Trending Toward Concept Building - A Review of Model Interpretability for Deep Neural Networks
We are at an interesting time in our industry when it comes to validating models - a crossroads of sorts when you think about it. There is an opportunity for practitioners and leaders to make a real difference by championing proper model validation. That work has to include interpretability and explainability techniques. Explaining how deep neural networks work is hard to do. It is an active area of research in academia and industry. Data scientists need to stay current in order to create models that are safe and usable. Leaders need to know how to avoid the risk of unethical, biased, or misunderstood models. In this post, I breakdown trends in network interpretability applied to image data. Some of the approaches covered apply to non-image-based networks as well.
From Pixel Influence...
Most of the model explainability work for deep neural networks has been based on analyzing the influence inputs have on classification. For image data, this means looking at the importance of each pixel.

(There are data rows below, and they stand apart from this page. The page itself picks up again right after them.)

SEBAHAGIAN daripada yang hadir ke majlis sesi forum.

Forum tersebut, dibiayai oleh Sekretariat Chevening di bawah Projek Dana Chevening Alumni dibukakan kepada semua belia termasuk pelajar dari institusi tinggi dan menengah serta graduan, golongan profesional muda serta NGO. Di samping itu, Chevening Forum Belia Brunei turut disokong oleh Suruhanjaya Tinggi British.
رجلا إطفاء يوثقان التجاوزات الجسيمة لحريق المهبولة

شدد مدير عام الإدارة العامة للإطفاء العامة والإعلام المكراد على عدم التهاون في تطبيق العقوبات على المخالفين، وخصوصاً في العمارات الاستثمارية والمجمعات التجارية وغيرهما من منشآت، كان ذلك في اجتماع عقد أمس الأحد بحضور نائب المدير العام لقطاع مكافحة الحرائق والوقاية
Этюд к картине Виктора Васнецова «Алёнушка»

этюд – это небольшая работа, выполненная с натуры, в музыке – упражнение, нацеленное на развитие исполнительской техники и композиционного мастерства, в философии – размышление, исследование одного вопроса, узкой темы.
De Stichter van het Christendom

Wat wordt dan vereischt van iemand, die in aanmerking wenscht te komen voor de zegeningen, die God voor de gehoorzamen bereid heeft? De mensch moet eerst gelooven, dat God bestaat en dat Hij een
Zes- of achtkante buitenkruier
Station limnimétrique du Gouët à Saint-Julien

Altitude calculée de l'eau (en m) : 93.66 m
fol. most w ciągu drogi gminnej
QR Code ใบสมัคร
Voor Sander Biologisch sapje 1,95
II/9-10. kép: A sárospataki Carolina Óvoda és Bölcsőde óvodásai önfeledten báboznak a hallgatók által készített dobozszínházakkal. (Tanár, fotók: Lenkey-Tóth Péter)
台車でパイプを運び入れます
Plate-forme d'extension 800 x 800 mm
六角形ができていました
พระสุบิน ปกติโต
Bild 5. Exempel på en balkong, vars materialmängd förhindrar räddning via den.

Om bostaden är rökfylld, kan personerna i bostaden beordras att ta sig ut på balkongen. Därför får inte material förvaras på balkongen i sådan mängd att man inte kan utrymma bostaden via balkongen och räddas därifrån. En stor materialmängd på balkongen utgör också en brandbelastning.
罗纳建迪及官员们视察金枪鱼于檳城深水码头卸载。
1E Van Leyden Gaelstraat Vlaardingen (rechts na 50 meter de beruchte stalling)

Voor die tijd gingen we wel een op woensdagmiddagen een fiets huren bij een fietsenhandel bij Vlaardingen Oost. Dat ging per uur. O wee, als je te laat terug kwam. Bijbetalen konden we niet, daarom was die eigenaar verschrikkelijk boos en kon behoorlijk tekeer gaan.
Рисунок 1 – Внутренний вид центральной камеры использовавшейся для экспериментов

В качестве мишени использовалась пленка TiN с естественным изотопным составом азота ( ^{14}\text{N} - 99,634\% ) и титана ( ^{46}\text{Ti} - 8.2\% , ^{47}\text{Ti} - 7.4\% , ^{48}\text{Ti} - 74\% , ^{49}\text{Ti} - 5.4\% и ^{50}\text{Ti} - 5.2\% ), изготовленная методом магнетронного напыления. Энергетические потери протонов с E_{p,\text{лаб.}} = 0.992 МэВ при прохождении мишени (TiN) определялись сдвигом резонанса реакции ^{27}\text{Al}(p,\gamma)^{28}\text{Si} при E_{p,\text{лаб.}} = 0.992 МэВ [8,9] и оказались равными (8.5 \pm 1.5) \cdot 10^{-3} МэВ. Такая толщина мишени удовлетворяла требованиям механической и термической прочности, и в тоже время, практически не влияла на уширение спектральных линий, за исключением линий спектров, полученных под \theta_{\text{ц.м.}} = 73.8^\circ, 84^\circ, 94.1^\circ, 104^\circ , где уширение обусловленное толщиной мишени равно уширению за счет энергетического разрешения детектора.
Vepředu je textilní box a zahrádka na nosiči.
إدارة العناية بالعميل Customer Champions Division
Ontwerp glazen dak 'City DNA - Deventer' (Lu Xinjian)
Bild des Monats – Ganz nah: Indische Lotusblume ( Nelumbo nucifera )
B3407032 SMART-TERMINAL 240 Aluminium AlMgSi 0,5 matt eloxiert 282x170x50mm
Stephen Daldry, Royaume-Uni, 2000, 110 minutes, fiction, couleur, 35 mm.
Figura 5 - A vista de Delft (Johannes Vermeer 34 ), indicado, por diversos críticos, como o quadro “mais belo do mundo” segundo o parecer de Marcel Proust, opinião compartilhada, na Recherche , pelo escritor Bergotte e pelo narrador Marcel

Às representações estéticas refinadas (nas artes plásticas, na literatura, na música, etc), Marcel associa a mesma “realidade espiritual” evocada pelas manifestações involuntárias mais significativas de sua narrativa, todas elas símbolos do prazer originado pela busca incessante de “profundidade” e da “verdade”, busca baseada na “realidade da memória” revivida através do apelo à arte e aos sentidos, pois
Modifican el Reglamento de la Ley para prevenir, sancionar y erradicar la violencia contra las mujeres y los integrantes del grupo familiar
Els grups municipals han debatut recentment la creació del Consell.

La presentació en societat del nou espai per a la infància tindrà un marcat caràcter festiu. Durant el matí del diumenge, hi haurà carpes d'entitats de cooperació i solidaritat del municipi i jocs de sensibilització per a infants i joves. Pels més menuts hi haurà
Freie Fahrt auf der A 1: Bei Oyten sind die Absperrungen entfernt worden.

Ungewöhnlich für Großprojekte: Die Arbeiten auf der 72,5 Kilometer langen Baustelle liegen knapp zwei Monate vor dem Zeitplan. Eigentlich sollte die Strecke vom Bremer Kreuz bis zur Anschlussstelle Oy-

The typical result is a saliency map, like those shown here.
In their paper introducing TCAV (discussed later), the authors point out limitations to pixel-based approaches.
- Provides local explainability only
- No control over the concepts these maps pick
- Saliency maps produced by randomized networks are similar to that of the trained network (Adebayo et al., 2018)
- Simple meaningless data processing steps, may cause saliency methods to result in significant changes (Kindermans et al., 2017).
- Saliency maps may also be vulnerable to adversarial attacks (Ghorbani et al., 2017).
… On to Concept Extraction and Building
New research suggests a better way - focusing on concepts. Concepts are the building blocks of images stored in higher-level layers of a network. They can be foundational like corners, edges, curves, texture, hue, position, size, etc. They can also be collections of components like the face of a cat or the roof of a car.
Initial interpretability work focused on extracting the concepts that a network discovered in the natural process of trying to classify images. Lately, however, there is very exciting research emerging around building concepts from first principles with the goal of optimizing the higher layers to be human-readable. Instead of optimizing for pure accuracy, the network is constructed in a way that focuses on strong definitions of high-level concepts. In other words, we optimize for interpretability rather than for prediction accuracy. Signs are pointing to the possibility that doing this will give better prediction accuracy in the end.
In the following sections, I introduce various approaches associated with the techniques just discussed. Be sure to make it down to the last section on concept building. It is exciting to see what is coming down the pipe.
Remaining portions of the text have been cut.